- Born: Woolf Steinberg 5 January 1925 Portsmouth, Hampshire, England, United Kingdom
- Died: 21 July 1996 (aged 71) Camden, London, England, United Kingdom
- Occupation: Actor
- Years active: 1955–1995
- Parent(s): Morry Steinberg Becky Steinberg
- Relatives: Aubrey Morris (brother)

= Wolfe Morris =

English actor (1925–1996)

Wolfe Morris (born Woolf Steinberg, 5 January 1925 – 21 July 1996) was an English actor, who played character roles on stage, television and in feature films from the 1950s until the 1990s. He made his film debut in Ill Met by Moonlight. His grandparents were from Kiev and escaped the Russian pogroms, arriving in London in about 1890. The family moved to Portsmouth at the turn of the century. Morris was one of nine children born to Becky (née Levine) and Morry Steinberg. His younger brother, Aubrey Morris, was also an accomplished actor. His daughter Shona Morris became a stage actress.
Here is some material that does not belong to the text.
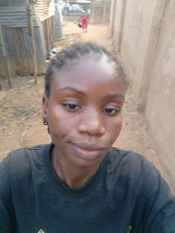 A woman with braided hair, hoop earrings, and a dark crewneck shirt poses for a selfie in an outdoor setting. Behind her are buildings with corrugated metal walls and a tall wall. In the distance, a person in red clothing walks away from the camera, and a car is visible. The ground appears to be dirt.

Morris trained as an actor at the Royal Academy of Dramatic Art, graduating in 1943. In his career, spanning five decades, he appeared in almost 90 different films and TV shows, as well as appearing in numerous stage plays as a member of the Royal Shakespeare Company. His best-known role on television was as Thomas Cromwell in The Six Wives of Henry VIII. In preparation for it, he visited a number of English castles to study the characters' portraits.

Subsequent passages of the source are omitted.